The person before the work: the restless, self-critical conscience, the emotional intensity, the affections (the marital bond, faith), the distance from the social world, and the inner contradictions lived as a form of personality.

Before he was a painter, sculptor and printmaker, Angelo Marchetti (Milan, 1930 – 2000) was a man inhabited by an inner life of rare intensity. Anyone approaching his work inevitably encounters the person: an acute sensibility, a vigilant and severe conscience, a disposition to introspection that runs through every gesture of his existence. To understand the man is not a biographical appendix to the reading of the works, but the very key to entering them.

A restless conscience
The trait that most sharply defines his inner world is a lucidity directed first of all at himself. Marchetti observed himself with a constant and often merciless attention, capable of a self-criticism that granted no concessions. This self-examination went hand in hand with an extreme sensitivity to states of mind, experienced without defensive screens: tenderness, despondency and ardour manifested themselves in him with an immediacy that shunned all posturing.

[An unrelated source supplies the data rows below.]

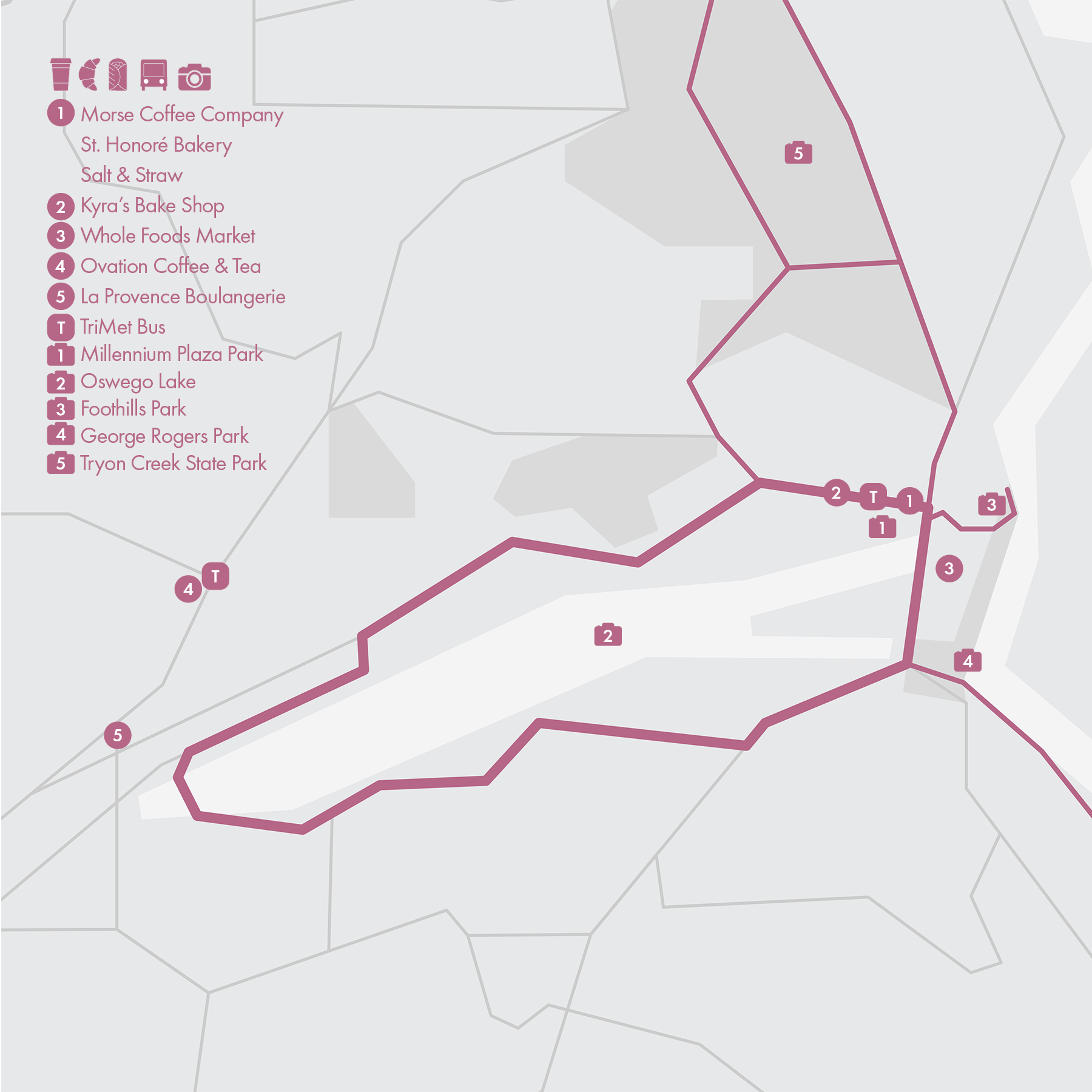Cafe / The start and finish of this route are the best areas to grab a cup of coffee. Portland's Sellwood neighborhood has plenty of food options along SE 13th St. Oregon City's center spans several blocks at Willamette riverfront, with more local spots on 7th St up the hill.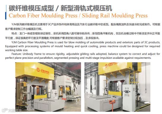 YJM Carbon Fiber Moulding Press is used for blow molding of automobile products and exteriors parts of 3C products.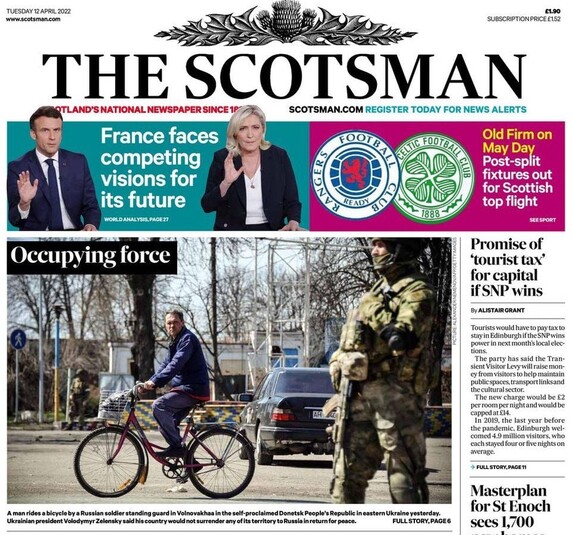 Підпис під фото газети The Scotsman: «Чоловік проїжджає велосипедом за російським солдатом, що стоїть на сторожі у Волновасі – місті в самопроголошеній Донецькій Народній Республіці. Український президент Зеленський сказав що його країна не віддасть жодної зі своїх територій в обмін на мир».

He was, in this sense, a man who felt before he thought, and who made of feeling the very substance of his search.
From this intensity arose, too, a marked emotional reactivity, an alternation between moments of dejection and sudden surges of affection and trust. Self-command was for him a desired value rather than a peaceful conquest: a goal to strive towards, not a possession secured.

The affections and faith.
At the centre of his emotional life stood the marital bond, lived with a devotion that verged on veneration. The figure of his wife represented for Marchetti an absolute point of reference, almost the foundation upon which his very identity found its completion. Towards those dearest to him he showed an unreserved generosity and an openly declared vulnerability, far from any reticence.
Parallel and equally profound was the religious dimension. Christian faith was for him no surface matter, but the principal means through which to give order to pain and meaning to existence. His relationship with the divine, shot through with doubt as well, formed the ultimate horizon within which he placed his questions about guilt, about the worth of the person, about the meaning of suffering, his own and that of others.

The distance from the world.
Alongside his devotion to those closest to him, Marchetti cultivated a more wary relationship with the social dimension. Towards the outside world he kept a reserve that was at once choice and necessity: a distance that his biography confirms in his secluded position with respect to the movements and circuits of his time. This mistrust did not, however, exclude an imperative of charity and understanding that he acknowledged as a duty, in a tension never resolved between severe judgement of men and the need to love them.
It is in this coexistence of opposites that the complexity of the man is to be measured. The contradictions that run through his inner world—humility and pride, attachment to life and existential weariness, the need for union and the vocation to solitude—are not to be read as inconsistencies, but as the very form of a personality that chose to inhabit its own polarities rather than smooth them away.

Note: this portrait emerges from a body of private writings preserved in the artist's archive and is to be understood as an interpretative reading, not as a clinical report.
It renders the most intimate and inward dimension of Marchetti, which may heighten the aspects of tension and under-represent the more serene everyday life of an existence nonetheless devoted, with consistency, to creative work.